Terrywallaceite is a rare silver-lead-antimony sulfosalt mineral found in hydrothermal vein deposits. It is primarily identified in lab settings via electron microprobe analysis, appearing as small, opaque metallic grains within associated sulfide assemblages.
Is this terrywallaceite?
5-step field checkRun through these checks against the specimen in your hand. The more boxes tick, the more confident the ID.
- 1Test the hardnessTry to scratch terrywallaceite with a known reference.
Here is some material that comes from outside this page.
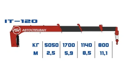 INMAN IT 120 новый тросовый кран-манипулятор в сегменте 5-ти тонных КМУ. Кран-манипулятор имеет 3 гидравлически выдвигающиеся секции, что обеспечивает один из самых больших вылетов в своем классе – 11,1 м. Новая система выдвижения аутригеров с регулирующими роликами обеспечивает легкость ручного выдвижения балок. Длина каната лебедки составляет 75 метров. INMAN IT 120 обладает качественной окраской, а также всеми необходимыми датчиками и приборами безопасности.

Terrywallaceite sits at Mohs 2.5 — softer than the next harder reference, harder than the previous one.
- 2Check the streakDrag the specimen across an unglazed porcelain plate. Terrywallaceite leaves a black streak.
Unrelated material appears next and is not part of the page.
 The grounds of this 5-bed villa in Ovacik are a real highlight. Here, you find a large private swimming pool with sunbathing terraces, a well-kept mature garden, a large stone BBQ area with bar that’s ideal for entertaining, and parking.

- 3Read the lusterHold the specimen under a strong light. Terrywallaceite typically shows a metallic luster.
- 4Match the color rangeCompare against the expected color range: black, gray.
- 5Look at form & habitCrystal system: monoclinic. Typical habit: anhedral grains, massive.
Often confused with
Terrywallaceite vs. its common look-alikes — and how to tell them apart in the field.
Often found alongside terrywallaceite
Minerals reported to co-occur with terrywallaceite. Spotting these in float or country rock is a strong cue you are in the right ground.
All properties
- Chemical formula
- Ag₃PbSb₃S₇
- Mohs hardness
- 2.5
- Density
- 6.85 g/cm³
- Streak
- Black
- Luster
- Metallic
- Transparency
- Opaque
- Crystal system
- Monoclinic
- Crystal habit
- Anhedral Grains, Massive
- Cleavage
- None
- Rarity
- Rare
- Uses
- Collector
- Host rock
- Hydrothermal Veins
- Typical price
- $100-500+ per specimen
Where rockhounds find terrywallaceite
Classic worldwide localities
- San Jose mine, Oruro, Bolivia
Field-hunting tip
Look in hydrothermal veins country — that is the host setting where terrywallaceite typically forms. If you start seeing pyrite, quartz, galena in float, you are in the right ground. Field specimens usually show a anhedral grains, massive habit, so train your eye for that shape before scanning the outcrop.